Hebron, Sansana, South Hebron Hills, Tarqumiya, Tue 1.1.08, Morning
6:30 – 10:30
Sansana Crossing (Meitar)
We arrive at 6:35 and there are no transits and almost no workers, just a few waiting for their rides. We do a quick check and learn that the same number of workers went through as usual…so sometimes there is good news, and maybe this is a good opening to the New Year. On our way back at 10:00, we see a Palestinian couple, the woman holding a baby, standing on the Israeli side of the checkpoint. It seems they have an appointment at Soroka for the baby to have an operation for a cleft palate and received a permit and all they need. We can't take them to Soroka because our driver, A., doesn't have a baby seat. Before we have a chance to phone anyone, someone waiting there takes them in his car. We have no idea how much he charges them.
Nazaleen (Metzudot-Yehudah) – the checkpoint is empty. A large yellow gate has been installed. The only ones allowed through are from the Kabata family (there is a list by name at the checkpoint), Nazleen teachers, cars with yellow license plates and holders of blue identity cards.
Road 317 – Road 356
All the road blocks are in place, the road is empty of people, military and Palestinian vehicles, only a few settler vehicles are seen. It's winter exam time for the Palestinian pupils.
Sheep Crossing – a military jeep stands there with soldiers inside. Light pedestrian traffic.
Shuiuch - Hebron junction– A military jeep with soldiers from Samson (arrived here from the Bethlehem area) are detaining three Palestinians who crossed with tools from the direction of Hebron to Shiuch. They wait half an hour and are let go. The soldiers tell us what they know about the incident on Friday. It turns out that between Chalchul and Bet Cachil there's a wadi with springs where the settlers often hike. They don't know who brought the settlers there. They think that probably their parents took them to the beginning of the hiking route.
The rest of the road is clear of military vehicles. There are very few vehicles. All the barriers are in place and the pill boxes are manned.
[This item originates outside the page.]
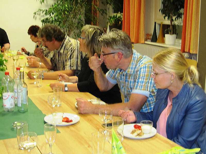 Gisela nahm den Kontakt auf und erhielt einen Termin für den 27. Mai. Innerhalb kürzester Zeit fand sich eine Gruppe von 16 Personen zusammen, die auch begeistert waren, darunter auch zwei Männer – Gerd Haarnagel und Swen Stolka. Alle wurden aktiv in die Zubereitungen einbezogen. Zur Begrüßung tranken wir einen „Hugo“ mit frischen Erdbeeren und probierten einen Kartoffelsalat im Glas.

The Humanitarian Crossing – a Border Guard jeep detains a Palestinian car with three passengers. We stop and they are let go.
Chalchul Bridge – Hebron – traffic flows, the pillbox is manned. A Palestinian we meet in the grocery store in Idna tells us that they've been having surprise road checks since Friday, and also within Bet Cachil itself, but this doesn't happen while we are there.
Idna – Tarqumiya – the pillbox is manned and the people there tell us there was a bit of a mess on Friday, but it cleared up quickly. Their story of what happened is quite different from the Israeli story and sounds totally surrealistic, but who knows? They claim the murder took place against a background of money changing. The two youths who were killed came to exchange checks for cash which the money changer, a Hebron millionaire gave them. Because they didn't give him the checks, he killed them. They claim there are regular business relations and illegal dealings between the Kiryat Arbah people and the wealthy of Hebron.
All the roadblocks are in place and the pillboxes are manned.
At 7:30 there are no workers left. Shlomi, the checkpoint commander, said 3500 workers went through this morning. The three buses full of prisoners' families left at 7:45. A line is forming for the license bureau – three cars.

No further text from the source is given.